◆ WORK TASK
Whenever a picture appears in the data, skip it and write out all other material exactly.

◆ DATA BELOW

Content starts

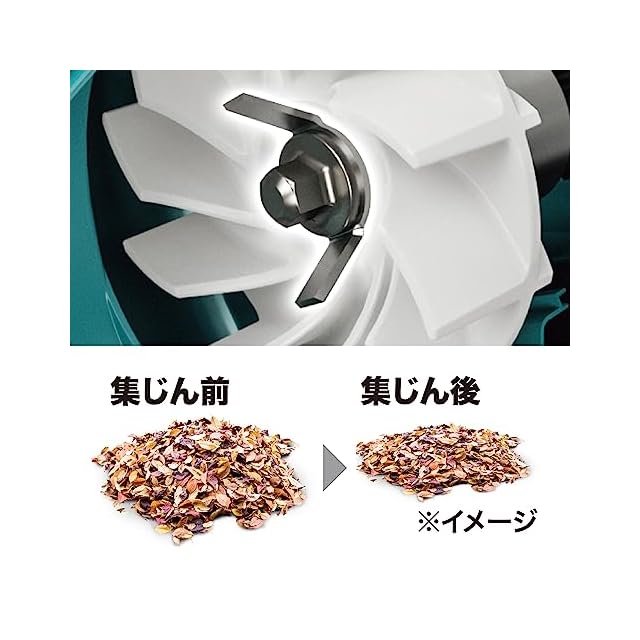 「高耐久」金属シュレッダー刃。吸込んだ枯葉を細かく粉砕。吸込み後の枯葉体積を低減させることで、効率良く集じん。絞った吹き出し口で吹き飛ばし。クルーズコントロール+トリガ無段変速。任意の風量で固定でき、連続作業時に便利。トリガ操作でも風量調整可能。
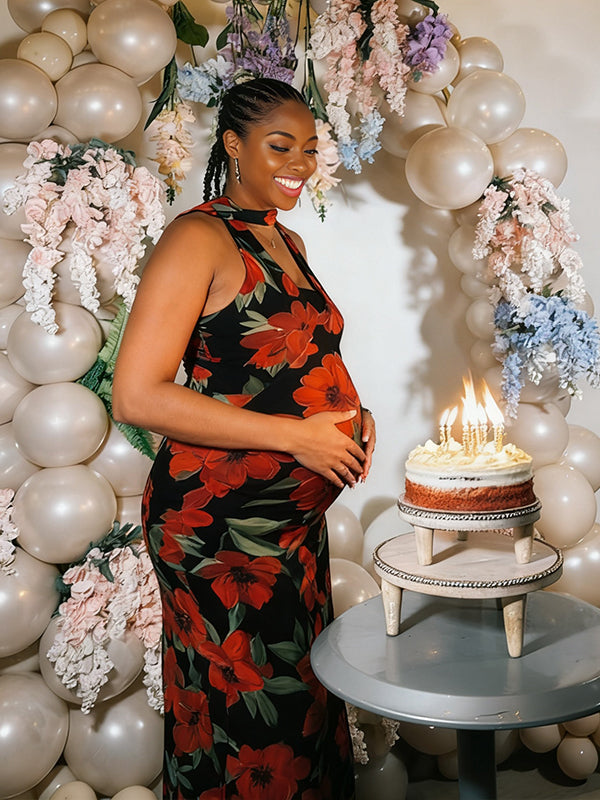 Momyknows Black Halter Neck Print Scarf Maternity Baby Shower Maxi Dress
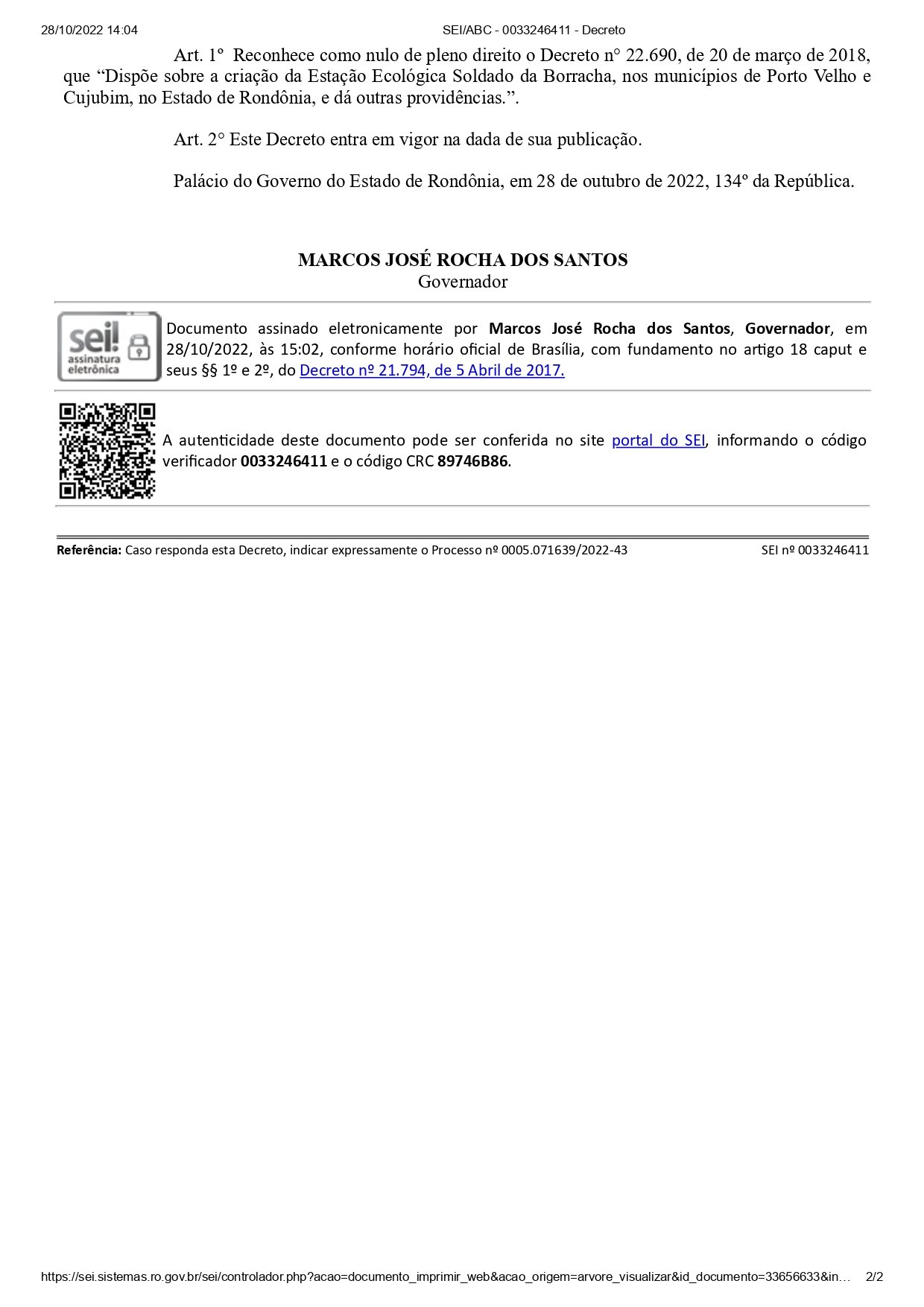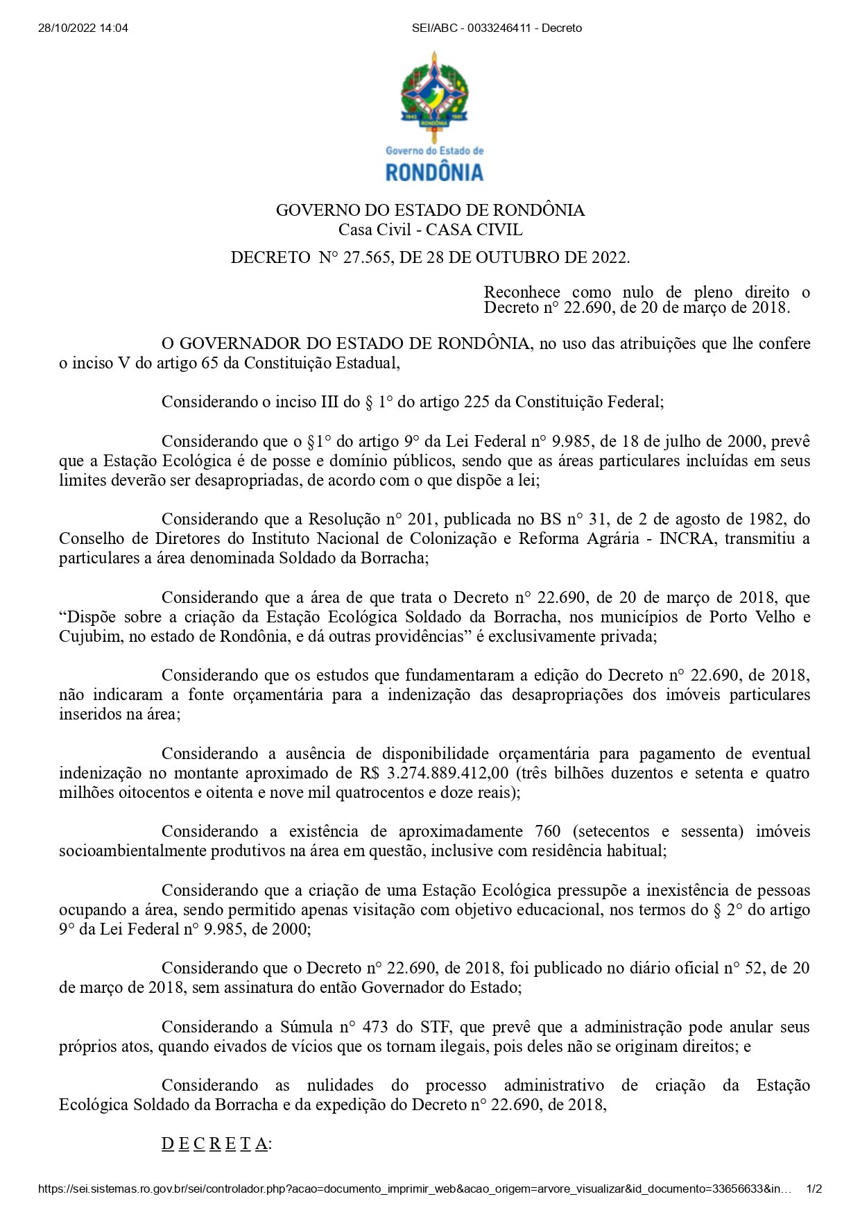 O Governador Coronel Marcos Rocha revogou no dia 28 de outubro de 2022 o decreto que estabelecia a criação da “Estação Ecológica Solado da Borracha”, a qual foi criada em 2018 pelo então governador Confúcio Moura junto com outras dez reservas ambientais.

Content ends

◆ OUTPUT BELOW
 「高耐久」金属シュレッダー刃。吸込んだ枯葉を細かく粉砕。吸込み後の枯葉体積を低減させることで、効率良く集じん。絞った吹き出し口で吹き飛ばし。クルーズコントロール+トリガ無段変速。任意の風量で固定でき、連続作業時に便利。トリガ操作でも風量調整可能。
 Momyknows Black Halter Neck Print Scarf Maternity Baby Shower Maxi Dress
 O Governador Coronel Marcos Rocha revogou no dia 28 de outubro de 2022 o decreto que estabelecia a criação da “Estação Ecológica Solado da Borracha”, a qual foi criada em 2018 pelo então governador Confúcio Moura junto com outras dez reservas ambientais.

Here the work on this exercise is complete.